To explore whether the microbiota community structure was supported by a large number of genera, a cluster analysis based on Bray-Curtis distance was performed after removing the k highest rank genus defined by the PLS-DA loadings values. The genera with the highest-ranking cluster-discriminatory value among individuals were removed, starting from k = 1 until k = 100. For each k, the number of misclassified samples from the defined gut microbiota community types and the silhouette index were computed.
Network inference at the genus level for each community type
Networks at the genus level were inferred between community types. In order to prevent the compositional effects bias typical of the classical correlations methods, we calculated the correlations among genera using the PCIT approach, which identifies significant co-occurrence patterns through a data-driven methodology71. The genera with <0.1% mean relative abundances were excluded to acquire the results for the taxa that met the statistical conditions for correlation estimations. Nodes in the network represent the genera and edges that connect these nodes represent correlations between genera. Based on correlation coefficient and p-values for correlation, we constructed co-occurrence networks. The cutoff of p-values was 0.05. The cutoff of correlation coefficients was determined as r ≥ |0.35|. Network properties were calculated with the NetworkAnalyzer plugin in Cytoscape. We used the Cytoscape to visualize the network.
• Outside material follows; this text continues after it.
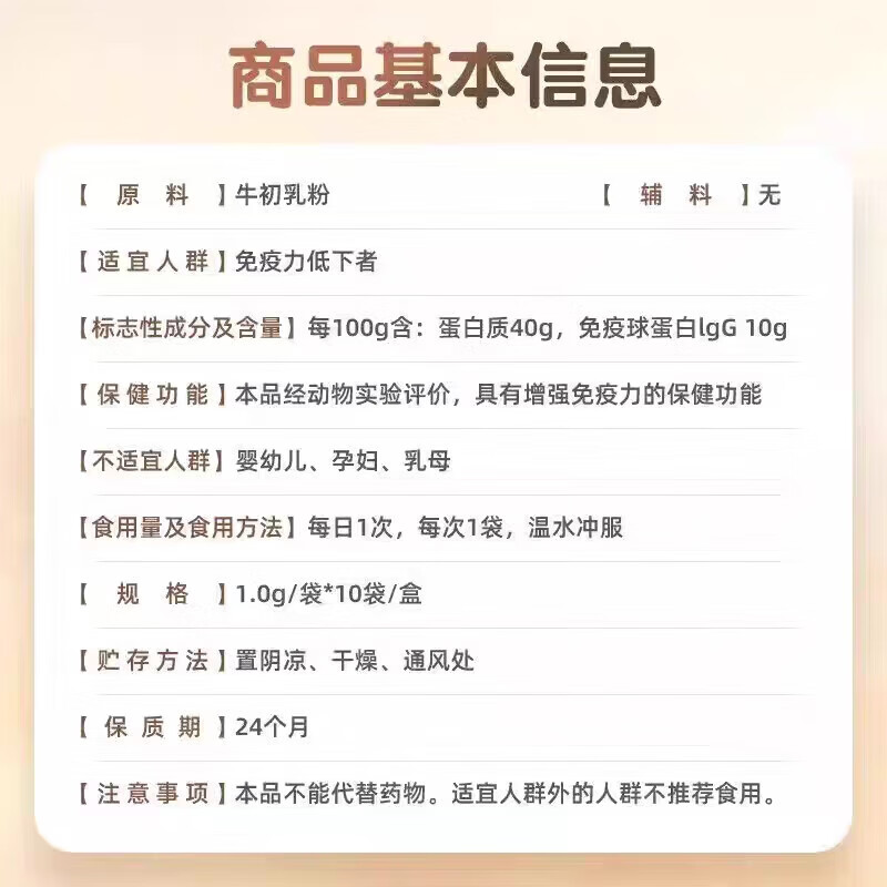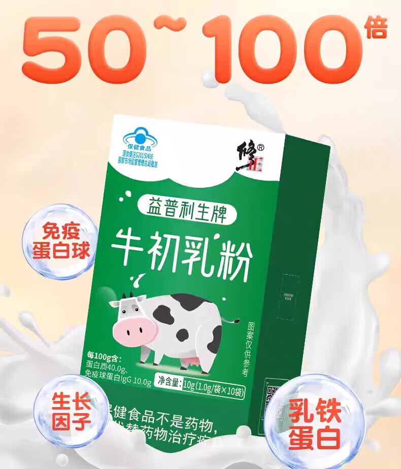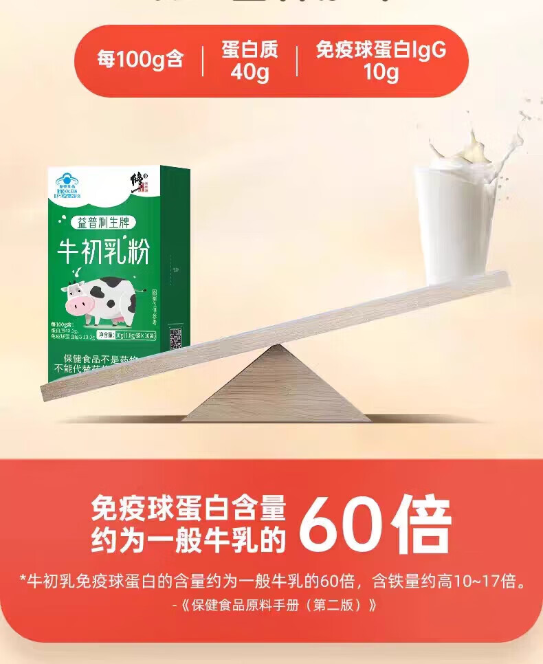 Corrected bovine colostrum powder with high content of immunoglobulin, blue hat certified quality, enhanced immunity, 1 box

Strong and significant correlation between nodes (r ≥ |0.60|) were represented with larger edge width in the network.
Association between gut microbiota, host, gut and environmental variables
The association between microbiota, host, gut and environmental variables was tested using both the microbiota community types and the relative genera abundance table.
First, we tested the hypothesis-driven associations between the gut community types and host, gut parameters and environmental variables using two different statistical approaches, namely: (i) the PERMANOVA test (a non-parametric method of multivariate analysis of variance based on pairwise distances) implemented in the adonis2 function from “Vegan” R package. PERMANOVA allows testing the global association between community types and a group of variables, and (ii) the nonparametric Mann-Whitney U test for continuous variables and the Fisher exact test for categorical variables followed by BH multiple test correction. An adjusted p-value < 0.05 was considered as significant.
The host variables tested included: age, breed, sex, telomere length, host kinship, as well as endurance performance parameters such as biochemical and metabolome parameters at basal time and post-race, distance race covered, pulse rate on arrival at the veterinary check, the average speed during the race, the athletic performance ranking and whether the horse completed the race or was eliminated. The athletic performance ranking was categorized into the top 25% ranked performers, the individuals that arrived between the top 25% and 75% positions, the individuals that arrived in the last 25% positions and those eliminated from the race. The relative athletic performance ranking was computed among all ranked animals for each distance race (90, 120 and 160 km). To eliminate the inter-individual variability, the Δ values of biochemical and metabolic profiles (T1–T0) were considered.
The gut variables analyzed were the feces pH, the SCFA proportions in feces as well as the anaerobic fungal, bacterial and protozoan loads in feces, whilst the environmental variables included daily nutrient intakes corrected by UFC as well as hours traveled to arrive at the competition site, trainers, the stable from where they were coming, and the breeding establishment where they born and were kept together with their mothers until they were weaned. Additionally, we used two-way ANOVA to evaluate the relative effects of microbiota community types and race distance on the total observed variability in host, gut and environmental variables.
Second, covariates of microbiome variation (based on the relative genera abundance table) were identified by calculating the association between continuous host and gut phenotypes and genus-level community ordination (NMDS based on Bray-Curtis dissimilarity) with envfit function72 in the “vegan” R package, with 10,000 permutations73 and BH multiple testing correction. An adjusted p-value < 0.05 was considered as significant. This method enabled the selection of combined covariates with strongest correlation to microbiota variation.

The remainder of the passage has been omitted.